Re: Removing old records from log files
by Zaxo (Archbishop) on Aug 22, 2001 at 14:21 UTC

    With that rate of logging, you are likely to need locks the logger respects to modify the file in place. Given that, a binary search strategy will speed your search for the cutoff time. RecursivelyIteratively estimate the location of the first record you want to keep.

    Another approach would be to set up a cron job renaming the log file out of the way at set times. You may have a system utility called logrotate which specializes in that.

    Update: Oops :-)

    After Compline,
    Zaxo

      Luckily, locks are not an issue (see above). The binary searchstrategy, however, does sound like a good idea!

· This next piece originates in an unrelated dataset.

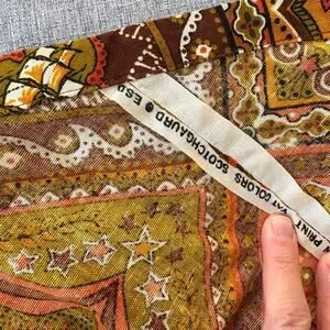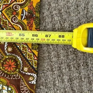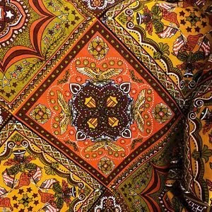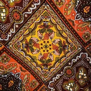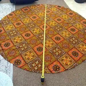 This stunning vintage round tablecloth features a bold Americana-inspired print with patriotic motifs including eagles, ships, stars, and shields. The rich warm color palette of orange, brown, gold, and red adds a vibrant mid-century boho vibe to your kitchen or dining space. Handmade with care, this oversized tablecloth measures 86 inches in diameter, making it perfect for large round tables or as a decorative accent piece.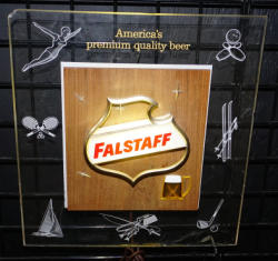 10"x12"x19", used original, some wear, has the original Falstaff Label under the lid with the ice pick too

Re: Removing old records from log files
by BazB (Priest) on Jan 16, 2002 at 20:44 UTC

    Not to put a stopper on some rather nice code, but if you're running a UNIX system (which I suspect you are), what about just using the logrotate command?

    Rotate files on a hourly basis and be done with it! You can delete the old records, or just store them on disk.

    If you're on Windows, Perl might be easier.

    TMTOMTDI :-)

    Cheers.

    BazB.

Re: Removing old records from log files
by John M. Dlugosz (Monsignor) on Aug 23, 2001 at 10:41 UTC
    Here's an orthogonal idea: when you excerpt the file, store the results backwards. Then you can delete oldest by truncating the file.